The cost of extension detection

GLAD and Gloam's discover mode provide a feature that Volk does not: extension presence flags. After loading, you can query whether a specific extension is available:

if (GLAD_VK_EXT_graphics_pipeline_library)
    ...

This is also available in the other GLAD/Gloam API loaders (EGL, GLX, WGL, OpenGL, etc).

To provide this, GLAD and Gloam's discover mode call vkEnumerateInstanceExtensionProperties and vkEnumerateDeviceExtensionProperties at load time. These APIs are unfortunately very expensive — the Vulkan loader implementation ends up loading and unloading every ICD and scanning all implicit layers each time they are called.

The impact is visible in the "Init + load all functions" row (Linux, unpatched): GLAD (tycho) at ~1004µs and Gloam discover at ~1022µs, versus ~64µs for Gloam enabled-list which skips enumeration entirely. The device-load numbers are similarly inflated because vkEnumerateDeviceExtensionProperties runs during that phase: Gloam discover at ~425µs versus ~59µs for Gloam enabled-list.

Volk sidesteps this cost entirely because it does no extension detection at all — but this comes with trade-offs described below.

Trade-offs in the load-everything approach

Volk is the most widely used Vulkan function-pointer loader, and for good reason: it's fast, simple, header-only, and has zero dependencies beyond the Vulkan headers. Its design — call vkGetInstanceProcAddr or vkGetDeviceProcAddr for every function that compiles in on the target platform, guarded only by compile-time platform macros like VK_USE_PLATFORM_METAL_EXT — avoids the expensive enumeration calls entirely and keeps the implementation straightforward.

This approach does come with two trade-offs that are worth being aware of:

Ambiguous non-NULL pointers. The Vulkan spec requires vkGetInstanceProcAddr to return NULL for extension commands that are not enabled (instance extensions) or not available on any physical device (device extensions). In practice, the Vulkan loader has a long-standing bug where it returns non-NULL trampoline stubs for any extension it knows about at build time, regardless of availability. Calling through these stubs is undefined behavior. Since Volk requests every slot unconditionally, some populated pointers may not be safe to call, and users need to track their enabled extensions separately to know which slots are valid.

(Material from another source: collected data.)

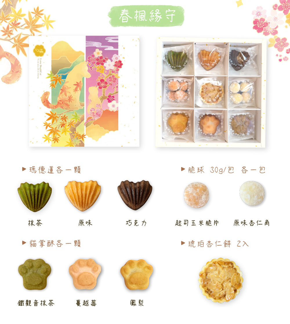 - 保存期限:貓掌酥20天、脆球45天、瑪德蓮14天、琥珀杏仁餅20天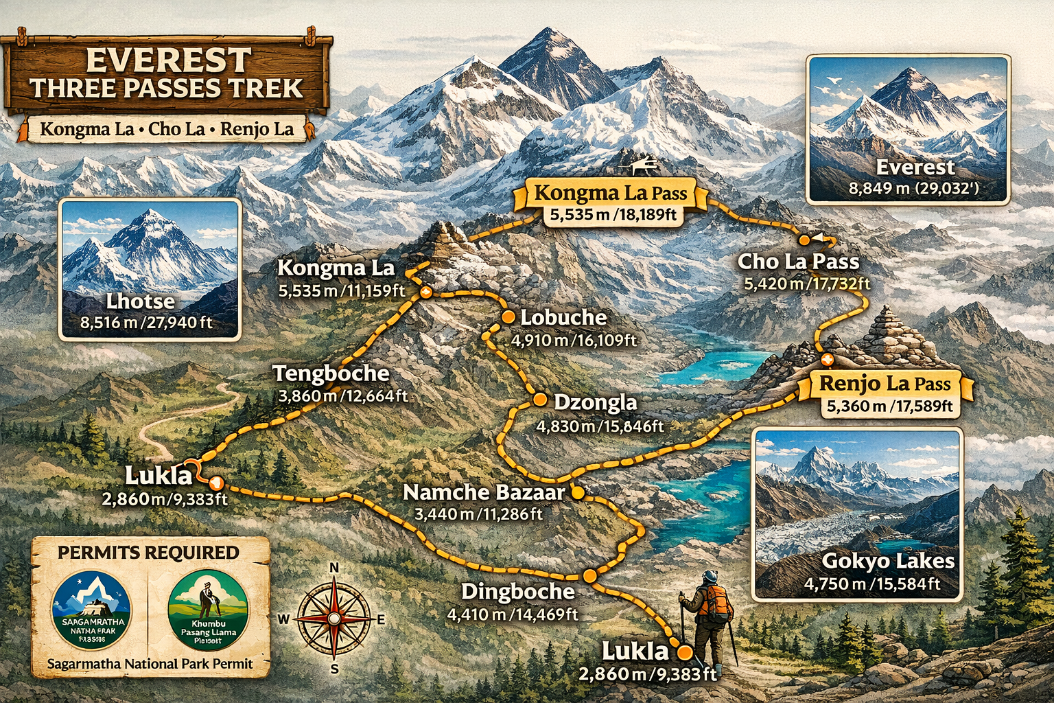 The Everest 3 Pass Trek is located in the Khumbu region of northeastern Nepal, part of the Solukhumbu District in Sagarmatha Zone. This trek traverses...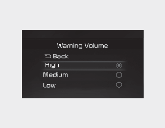 If you change the Warning Volume, the Warning Volume of other Driver Assistance systems may change.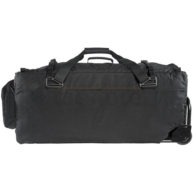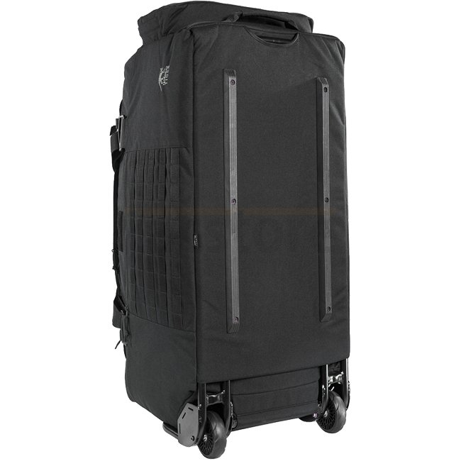 Der Trolley besitzt eine große Kofferöffnung zum leichten Beladen. Auf der Außenseite befinden sich zwei Reißverschlusstaschen, außerdem ein MOLLE-System.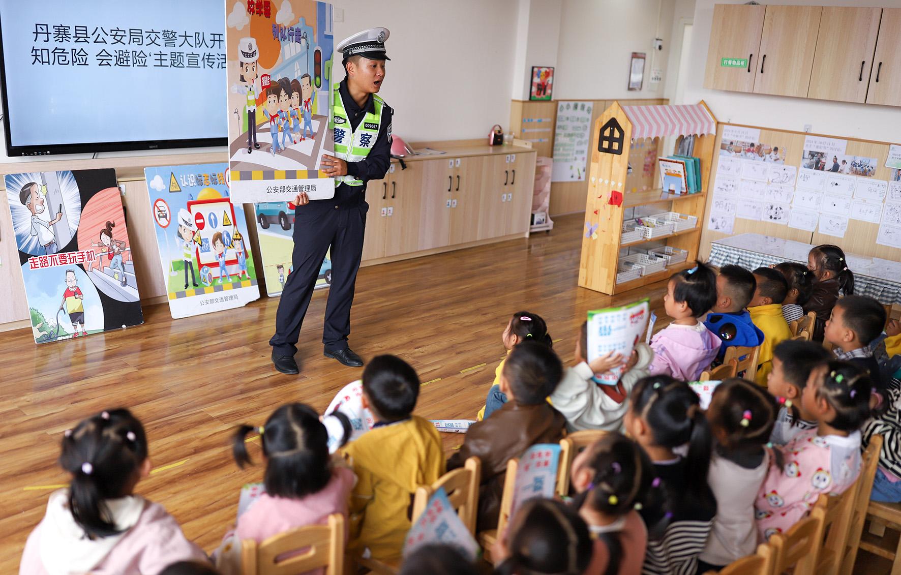 11月12日,貴州省丹寨縣公安局交警大隊(duì)民警走進(jìn)第四幼兒園開展交通安全宣傳活動。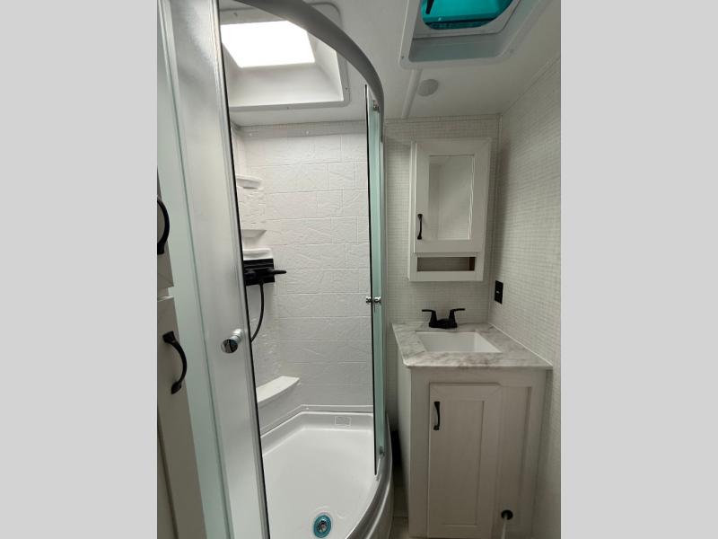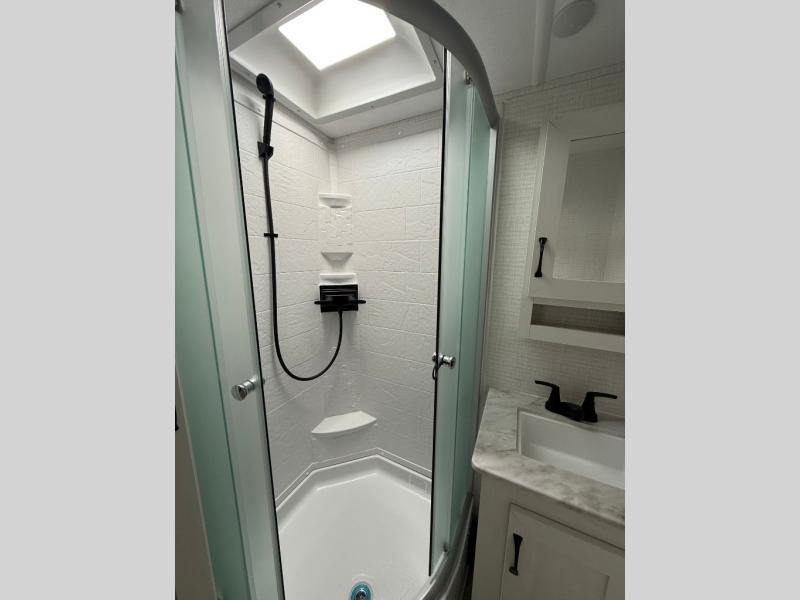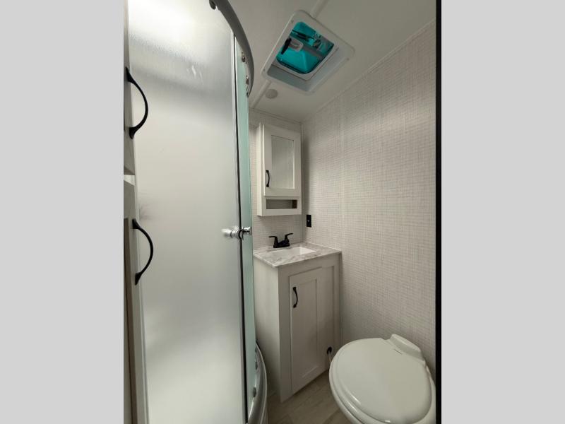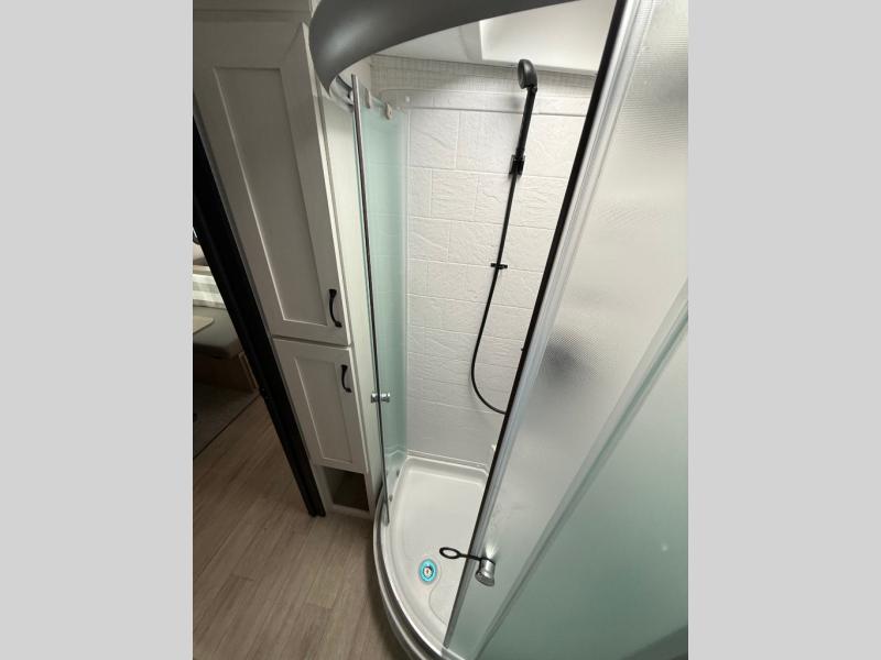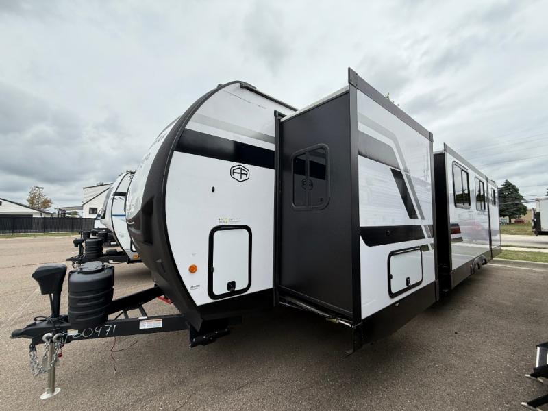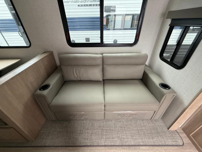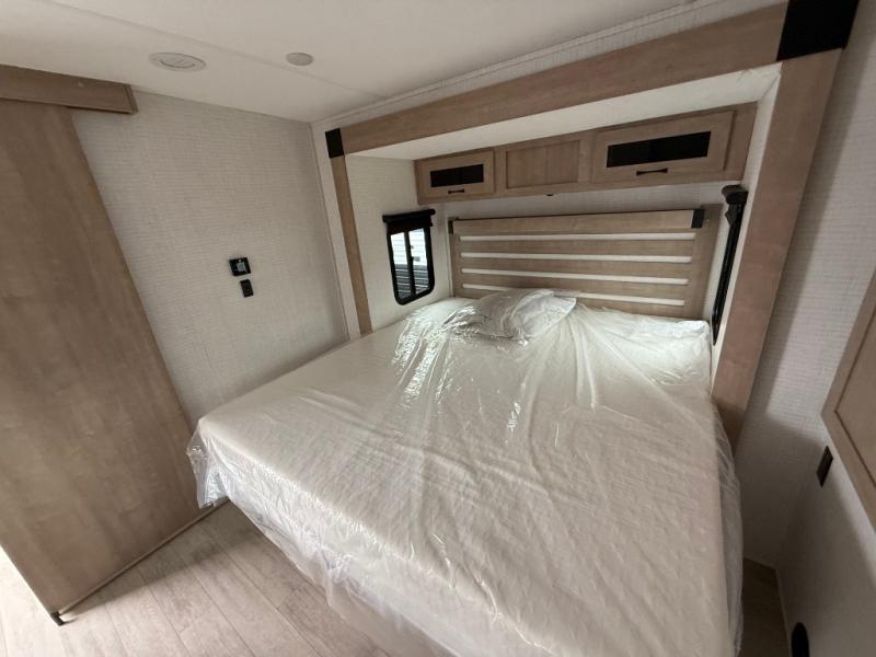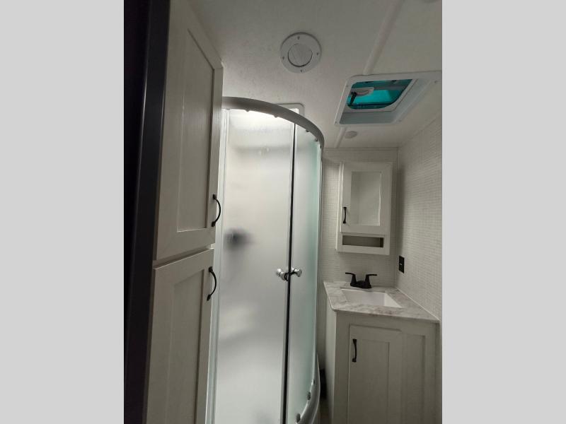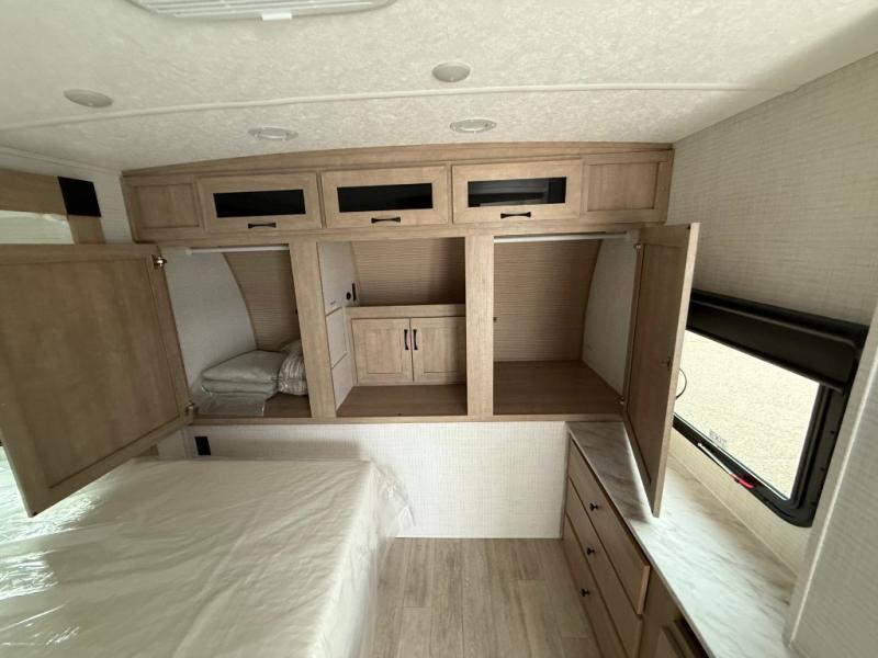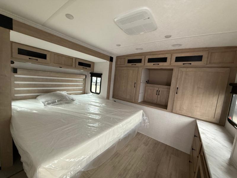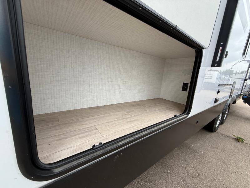 This travel trailer offers so many features that you will love, from a private bunkhouse for overnight guests to having three slide outs giving you a spacious interior throughout! The bunkhouse includes triple bunks, a double-size day bed, and storage space for your guests' things. The full bathroom is centrally located for all to access from the main living and kitchen area where you will find a slide out that includes a booth dinette and a sofa sleeper. The cook will love the kitchen amenities such as the microwave, cooktop, 11 cu. ft. refrigerator, and the L-shaped counter for preparing and serving meals. And don't overlook the front private bedroom with its king bed slide out, dresser, closet, plus a second bedroom closet with washer and dryer prep!

Manual alias resolution. When Vulkan extensions are promoted to core, the extension function gets a new name (e.g. vkCmdDrawIndirectCountKHR became vkCmdDrawIndirectCount in VK 1.2). Some drivers only recognize the core name, others only the extension name. Because each name is loaded independently, one slot may be populated and the other NULL. Users must manually copy pointers between the aliased slots — something the ANGLE project has documented as a recurring maintenance task.

Gloam's two loading modes

Gloam offers two Vulkan loading workflows to address these trade-offs:

Discovery mode (gloamLoaderLoadVulkan) works like GLAD: it calls the Vulkan enumeration APIs, detects available extensions, sets presence flags, and loads the corresponding PFNs. This gives you the same extension-query capability as GLAD, at the same cost — and with the same correctness caveat: presence flags indicate what the driver supports, not what the application enabled, so the caller still needs to track enabled extensions separately.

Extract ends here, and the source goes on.